Clark County Courier
- Type: Weekly newspaper
- Format: Broadsheet
- Owner: Karli Paulson
- Founder: E.F. Conklin
- Founded: 1880 (as the Clark Pilot)
- Language: English
- Headquarters: 119 1ST Ave E, Clark, South Dakota 57225 United States
- Circulation: 1,880 (as of 2015)
- Website: clarkcountypublishing.com

= Clark County Courier =

The Clark County Courier is a weekly newspaper published in Clark, South Dakota, United States. The newspaper serves the counties of Clark and Codington. It is published on Wednesdays.

== History ==
In 1880, E.F. Conklin founded the Clark Pilot, the first newspaper in Clark County.' In 1887, it merged with the Clark Review to form the Pilot-Review.

The Clark County Republic dates back to at least December 1892. The paper's printing plant was destroyed in February 1893, and was revived that April by A.E. Goodspeed. In August 1893, H.G. Sasse took on the Republic with help from C.D. Boucher. In April 1895, E.T Miller bought out Sasse.

In March 1899, E.S. Ashley became co-owner will Miller, who a few months later suffered a stroke and became paralyzed. Miller soon died and Ashley acquired full ownership that August. J.W. Sheppard bought the Republic in September 1902, and soon renamed it to the Clark Courier Republic. It was acquired by R.E. Hartman, of the Egan Express, in October 1904, followed by J.K. Coe, formerly of the Hamlin County News, in June 1908, and then Ralph A. Dunham in March 1911. Dunham renamed the paper to the Clark County Courier and in May 1914 sold it to E.A. Silfies in order to concentrate on his legal practice.

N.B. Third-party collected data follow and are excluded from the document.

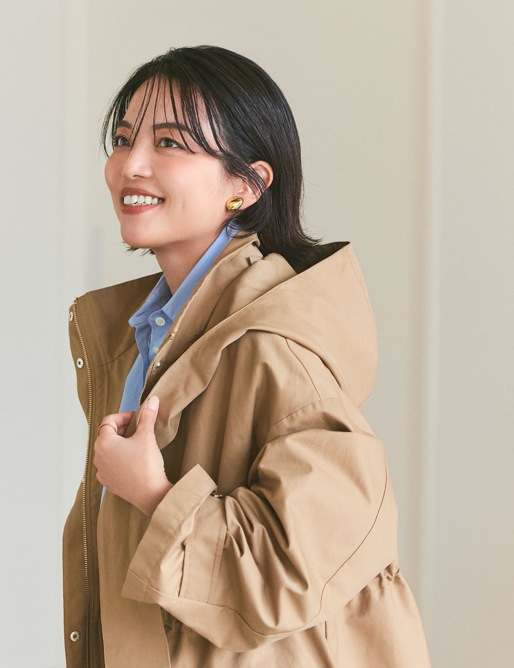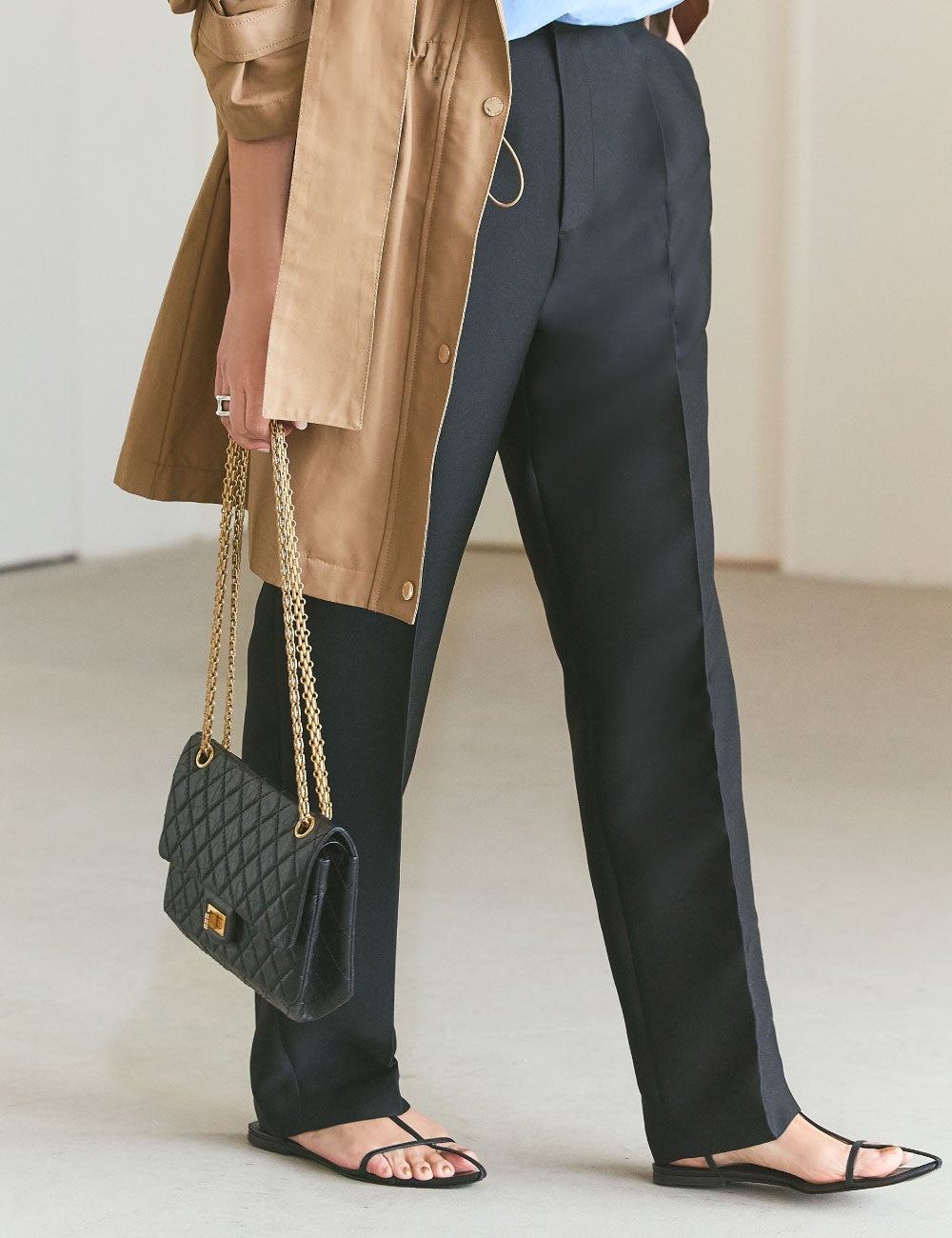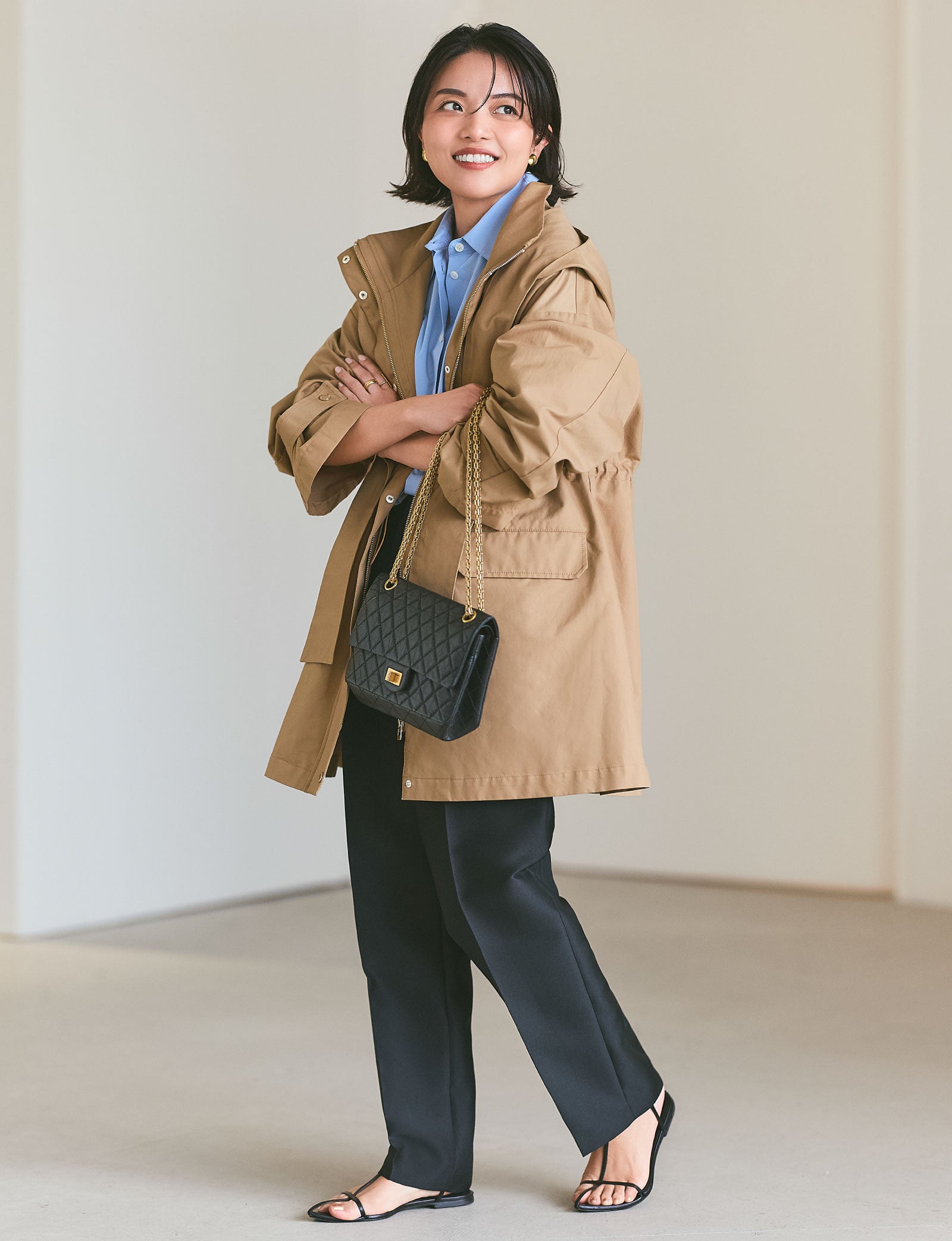 ミドル丈のベージュのアウターは、トレンチコートとスポーティなブルゾンの中間のような存在。きれいめにもカジュアルにも合わせやすいと思います。合わせたのは、きれいなブルーのパリッとしたシャツ。そしてフォルムの美しい黒のパンツ。シンプルですが、色とフォルムがとても美しくて、キレのいい着こなしに。ローファーで正統派にするのもいいのですが、あえて足元はヌーディなサンダルで。春らしさと女っぽさで、より印象的に。
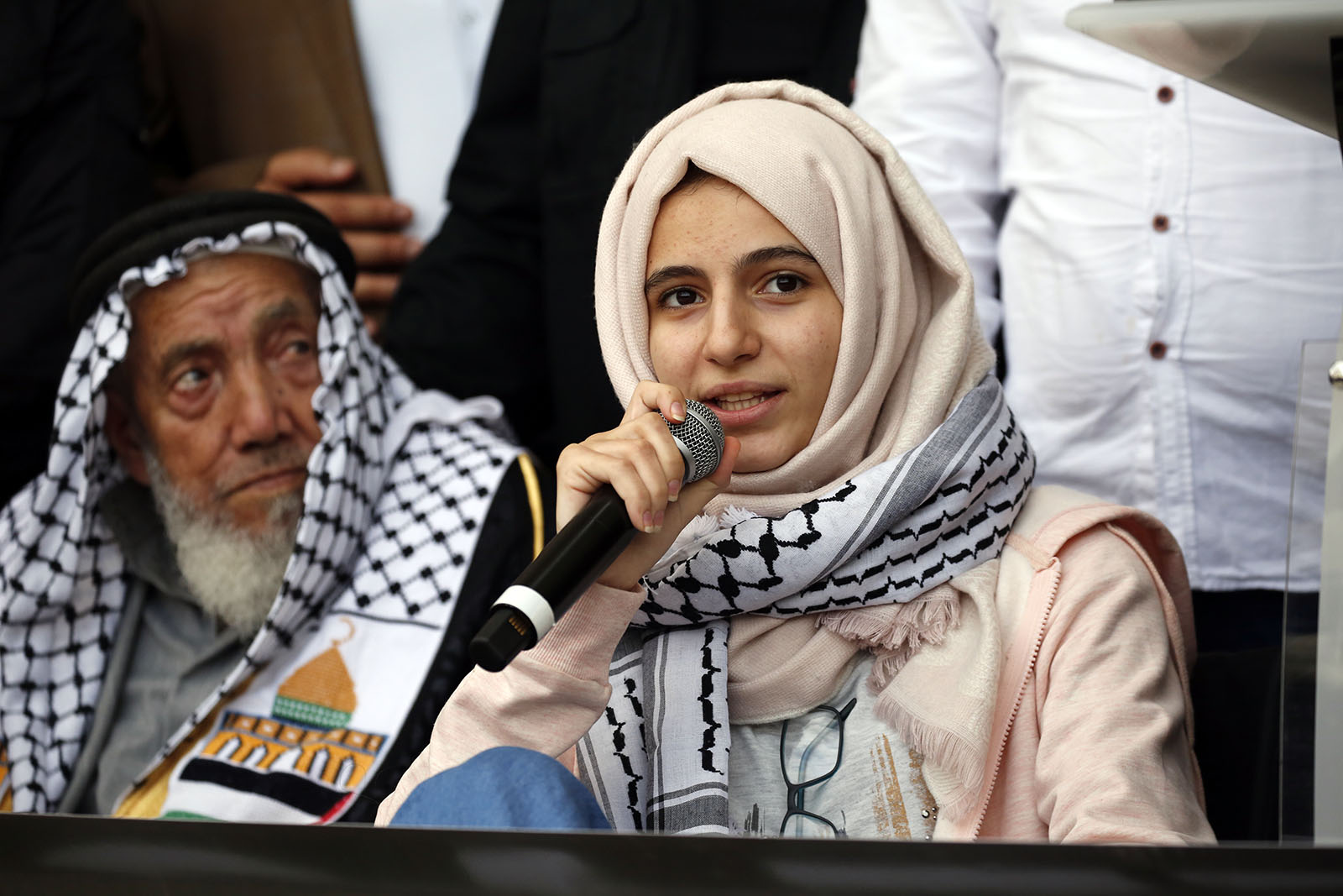 Bülent Yıldırım’ın ardından konuşan Meryem Ebu Matar da İşgalci İsrail’in çocuklardan ve taşlardan korktuğunu ifade ederek İsrail’i tanımadıklarını söyledi. “İşgalciler, ne yaparlarsa yapsınlar hedeflerini başaramayacaklar” diyen Ebu Matar, şöyle konuştu:
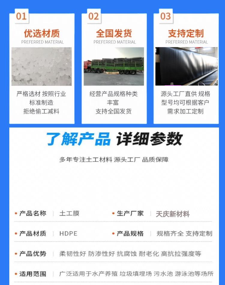 Smooth geomembrane polyethylene membrane geomembrane anti-seepage membrane
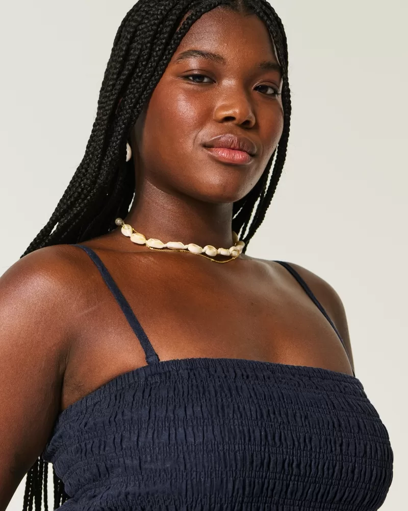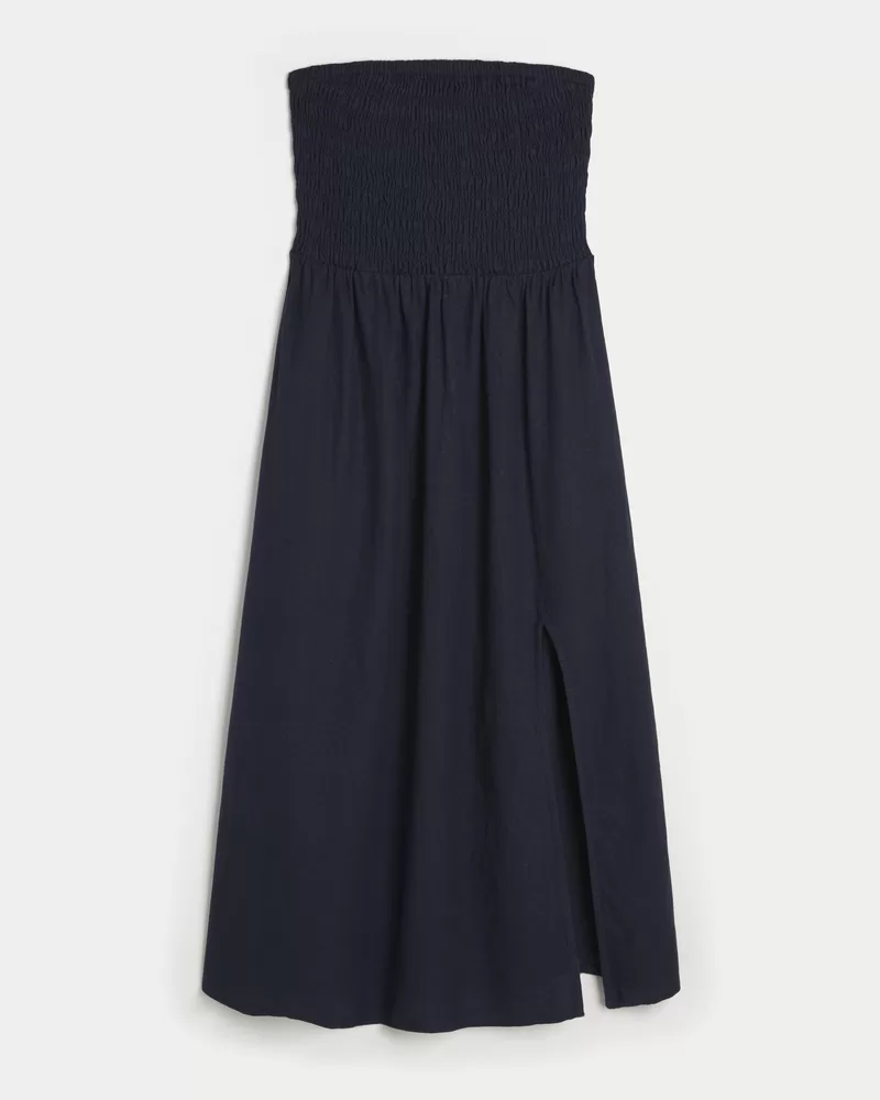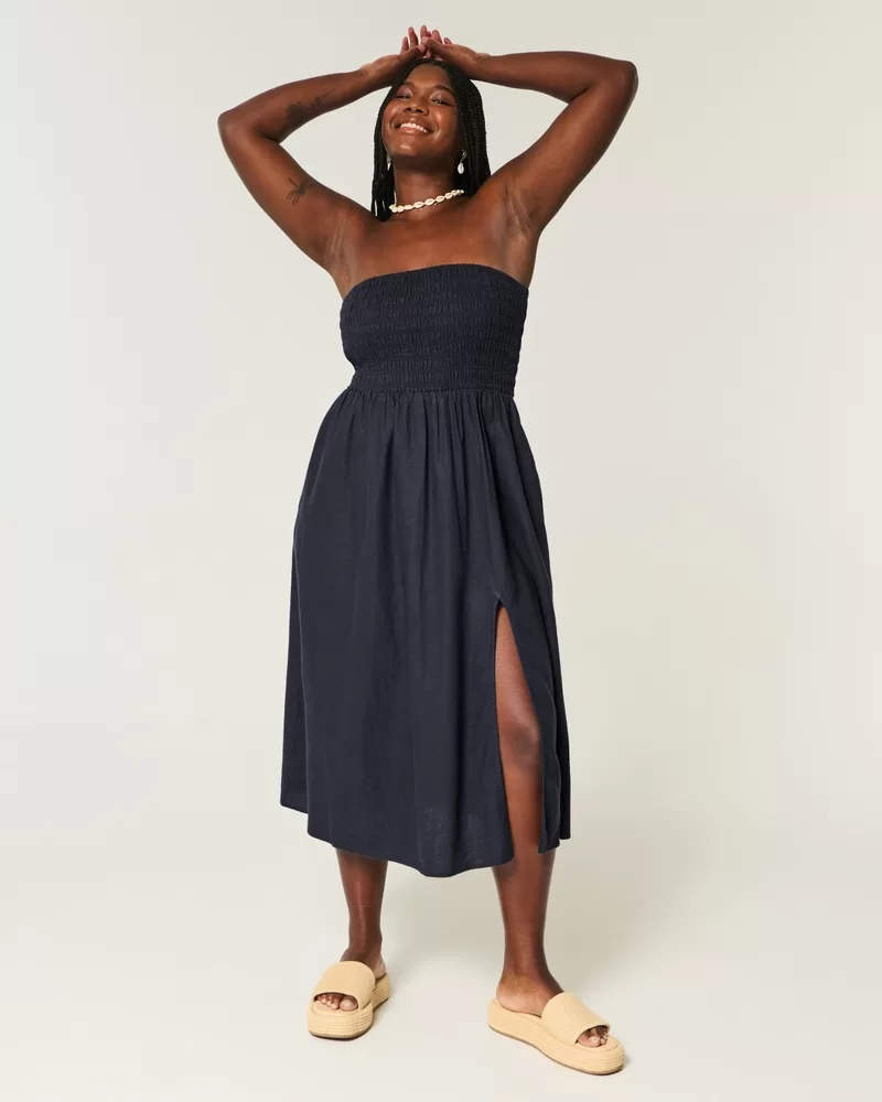 This easy throw-on-and-go strapless dress is designed with a soft smocked bust and midi length. Split hem detail, soft linen-blend fabric, pockets.
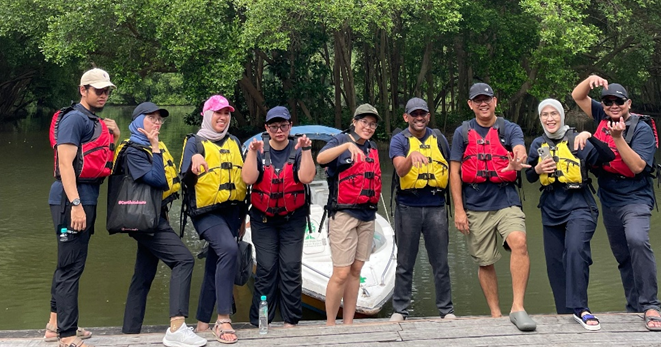Usai sesi materi, dilanjutkan dengan technical briefing dan pembagian kelompok. Masing-masing kelompok dipandu oleh fasilitator Kak Jeka, Kak Pras, Kak Ashila, dan Kak Debora. Dengan pendampingan ini, peserta diajak berkeliling area TWA Angke Kapuk, menikmati keindahan mangrove secara langsung, sambil mengabadikan momen dengan berfoto bersama.
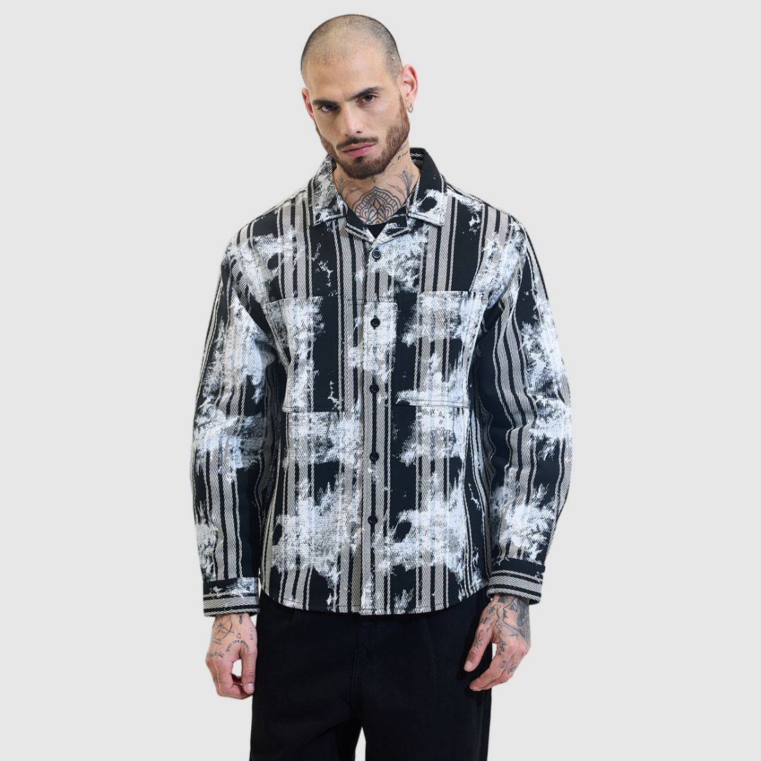 Make a bold statement with this black shacket from Snitch. Crafted from a cotton blend, this relaxed-fit jacket features stylish vertical stripes. The button closure adds a touch of sophistication, making it perfect for layering or wearing as a standalone piece.
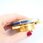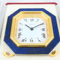 Pendulette-réveil octogonale CARTIER en métal doré et laqué façon lapis lazuli, cadran émaillé blanc à chiffres romains noirs, mouvement mécanique. Signée et numérotée. Avec son écrin et papiers. (Dimensions : 7,4 x 7,4 cm) (laque accidentée).
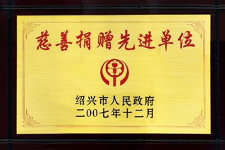 日發控股集團被紹興市人民政府授予2007年度“慈善捐贈先進單位”榮譽稱號
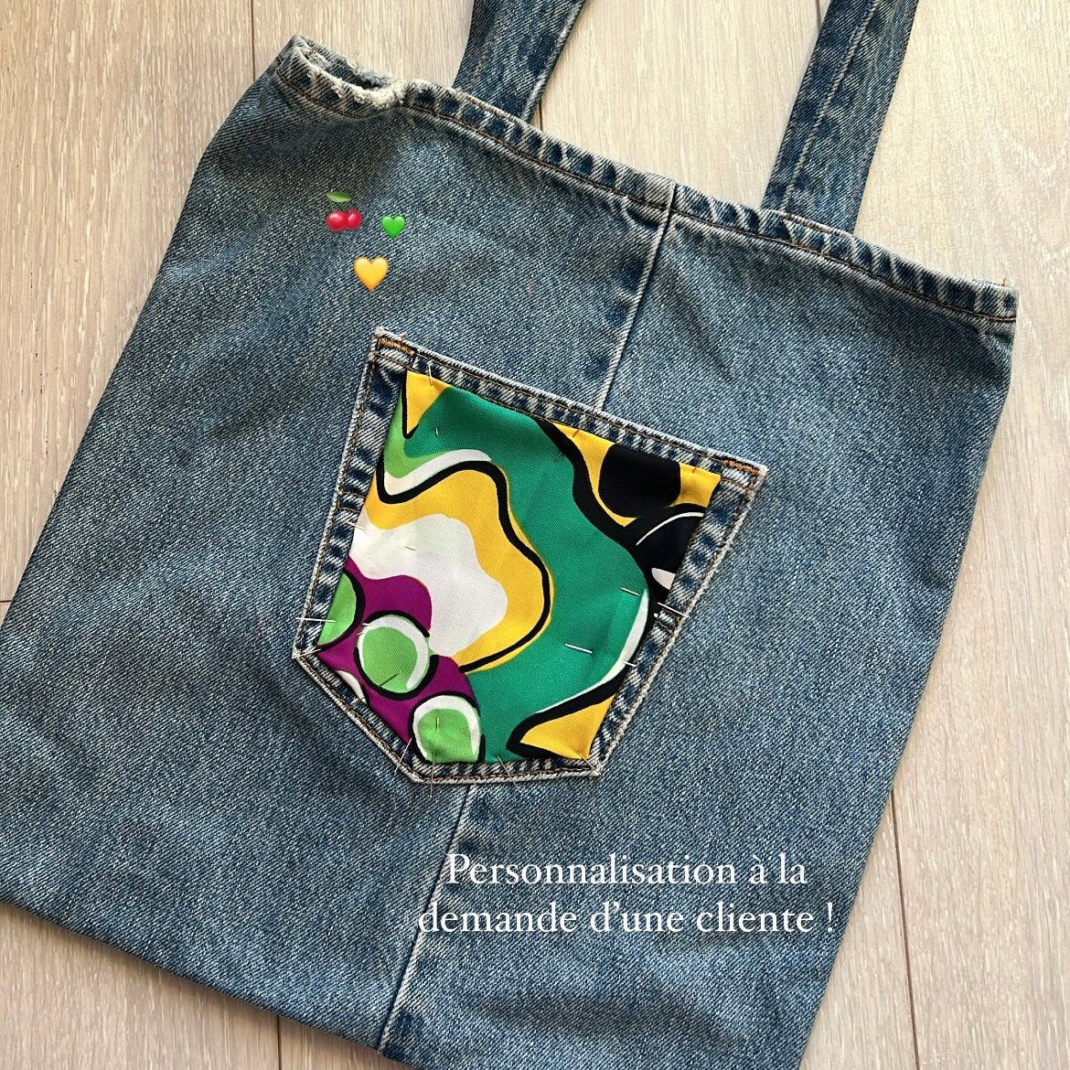 Nous avons personnalisé un sac en jean ! Le processus a consisté à choisir le foulard ensemble, puis à passer à la couture.
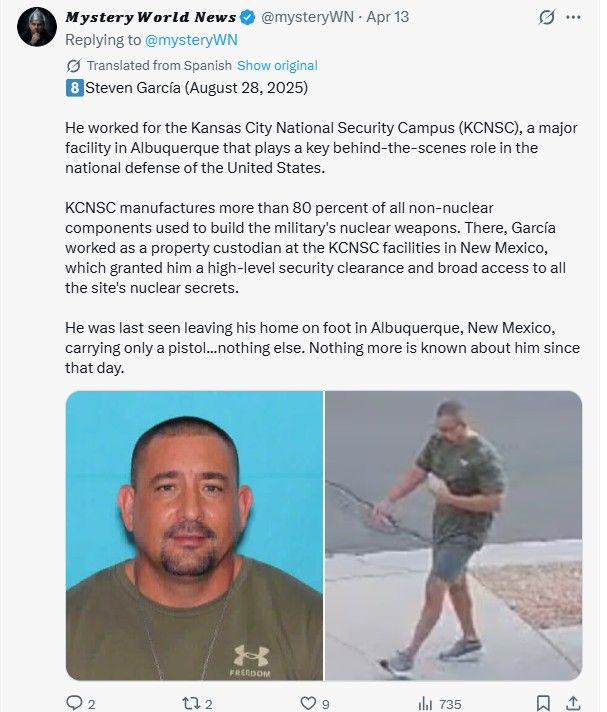 Garcia’s disappearance is being cited as the 10th case in recent years involving someone connected to U.S. space or nuclear work who has died or gone missing, according to the report. It also tracks with at least three other disappearances described as similar: individuals leaving home on foot, with personal items left behind, and then vanishing.
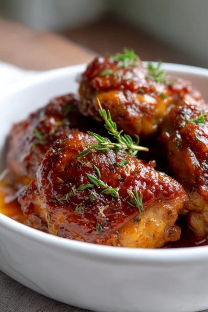 Pioneer Woman Barbecue Chicken Thighs are an American dinner favorite made with bone-in poultry and a tangy homemade sauce. This stovetop method uses peach preserves, bottled barbecue sauce, and lemon juice to create a sticky coating.
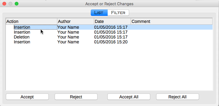 - From the "Edit" menu, select "Changes" and then "Accept or reject..." A window like the following will appear, allowing you to navigate to any of the changes recorded in the document just by clicking on them:

In August 1918, Garfield E. Morrison took charge of the Pilot-Review. In November 1923, F.A. Fuller became Courier co-owner. In June 1925, Silfies acquired the Pilot-Review from Morrison and consolidated it into the Courier. In May 1945, B.W. "Jeff" Condit bought the paper from Silfies, and he and his son-in-law Bert Moritz in August 1947 bought out Wayne Peterson. In March 1955, Condit was elected president of the South Dakota Press Association.

Condit died in August 1968. He was inducted into the South Dakota Newspaper Hall of Fame in 1970, and Moritz's inducation followed in 1989. Moritz died in November 2001, and he was succeeded by Bill Krikac, who in June 2007 was elected president of the state newspaper association. In December 2022, Krikac retired and sold the Courier to Karli Paulson.